Work request »
Exactly as they appear below, repeat the lines from the one with "d’assise : 21 kg/m³." through the one with "不过最近看到公众号推送,说微星MAG B650M MORTAR", and no others.

Data extract »
┌──
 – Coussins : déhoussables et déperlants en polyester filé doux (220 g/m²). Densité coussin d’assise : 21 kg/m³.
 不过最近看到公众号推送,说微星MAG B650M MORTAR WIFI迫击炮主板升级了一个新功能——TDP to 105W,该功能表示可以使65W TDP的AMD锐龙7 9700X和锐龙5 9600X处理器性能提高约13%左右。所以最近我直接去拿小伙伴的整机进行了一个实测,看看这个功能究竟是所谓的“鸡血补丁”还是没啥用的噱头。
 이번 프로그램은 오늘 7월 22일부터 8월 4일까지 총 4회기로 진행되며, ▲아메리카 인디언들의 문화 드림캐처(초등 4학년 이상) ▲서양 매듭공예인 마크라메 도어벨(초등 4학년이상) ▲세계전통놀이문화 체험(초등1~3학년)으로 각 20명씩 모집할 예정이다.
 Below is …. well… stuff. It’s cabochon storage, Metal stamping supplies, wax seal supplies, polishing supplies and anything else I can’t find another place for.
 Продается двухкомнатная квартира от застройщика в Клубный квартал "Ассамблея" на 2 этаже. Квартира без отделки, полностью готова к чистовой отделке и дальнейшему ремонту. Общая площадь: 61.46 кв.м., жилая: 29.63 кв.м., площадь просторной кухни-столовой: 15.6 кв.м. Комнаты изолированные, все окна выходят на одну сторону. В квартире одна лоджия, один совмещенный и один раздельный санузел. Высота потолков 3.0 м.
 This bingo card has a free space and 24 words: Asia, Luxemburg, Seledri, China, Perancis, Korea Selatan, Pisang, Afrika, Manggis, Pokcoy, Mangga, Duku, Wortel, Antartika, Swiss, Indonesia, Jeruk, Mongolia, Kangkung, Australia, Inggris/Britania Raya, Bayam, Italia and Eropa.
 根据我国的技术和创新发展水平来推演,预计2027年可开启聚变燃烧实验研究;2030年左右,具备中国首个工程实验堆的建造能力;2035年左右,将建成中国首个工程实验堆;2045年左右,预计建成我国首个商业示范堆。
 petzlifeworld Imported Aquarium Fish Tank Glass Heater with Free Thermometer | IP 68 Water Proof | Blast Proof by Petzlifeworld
└──
┌──
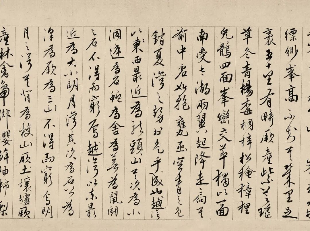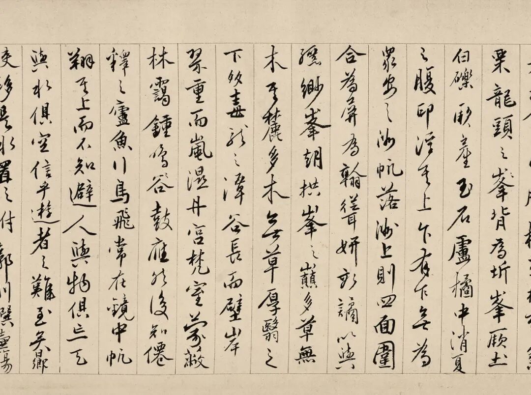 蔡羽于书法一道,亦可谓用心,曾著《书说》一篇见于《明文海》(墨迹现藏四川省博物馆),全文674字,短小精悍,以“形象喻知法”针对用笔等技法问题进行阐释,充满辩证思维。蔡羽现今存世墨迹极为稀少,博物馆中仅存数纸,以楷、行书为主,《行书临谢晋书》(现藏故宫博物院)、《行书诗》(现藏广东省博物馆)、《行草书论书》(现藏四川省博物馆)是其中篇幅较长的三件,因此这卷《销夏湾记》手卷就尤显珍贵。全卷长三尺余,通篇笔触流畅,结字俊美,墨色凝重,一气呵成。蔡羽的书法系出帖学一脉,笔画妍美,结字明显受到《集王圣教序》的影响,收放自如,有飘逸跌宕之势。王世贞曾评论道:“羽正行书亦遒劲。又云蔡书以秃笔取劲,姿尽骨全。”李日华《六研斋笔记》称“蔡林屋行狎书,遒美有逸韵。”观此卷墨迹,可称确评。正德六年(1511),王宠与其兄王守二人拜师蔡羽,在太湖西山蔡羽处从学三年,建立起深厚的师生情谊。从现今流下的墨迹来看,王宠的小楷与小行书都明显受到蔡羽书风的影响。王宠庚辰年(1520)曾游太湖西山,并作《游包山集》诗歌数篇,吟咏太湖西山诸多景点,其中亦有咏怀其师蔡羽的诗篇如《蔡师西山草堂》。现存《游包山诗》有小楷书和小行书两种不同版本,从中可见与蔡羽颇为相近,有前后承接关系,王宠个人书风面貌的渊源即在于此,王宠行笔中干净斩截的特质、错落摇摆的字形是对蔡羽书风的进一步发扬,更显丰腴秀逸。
└──
┌──
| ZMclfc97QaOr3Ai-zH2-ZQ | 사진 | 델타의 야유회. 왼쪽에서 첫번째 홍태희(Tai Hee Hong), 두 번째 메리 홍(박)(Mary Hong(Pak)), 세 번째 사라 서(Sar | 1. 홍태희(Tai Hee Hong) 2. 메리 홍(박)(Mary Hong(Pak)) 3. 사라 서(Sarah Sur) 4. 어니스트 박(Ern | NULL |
└──
Solution to this problem »
 – Coussins : déhoussables et déperlants en polyester filé doux (220 g/m²). Densité coussin d’assise : 21 kg/m³.
 不过最近看到公众号推送,说微星MAG B650M MORTAR WIFI迫击炮主板升级了一个新功能——TDP to 105W,该功能表示可以使65W TDP的AMD锐龙7 9700X和锐龙5 9600X处理器性能提高约13%左右。所以最近我直接去拿小伙伴的整机进行了一个实测,看看这个功能究竟是所谓的“鸡血补丁”还是没啥用的噱头。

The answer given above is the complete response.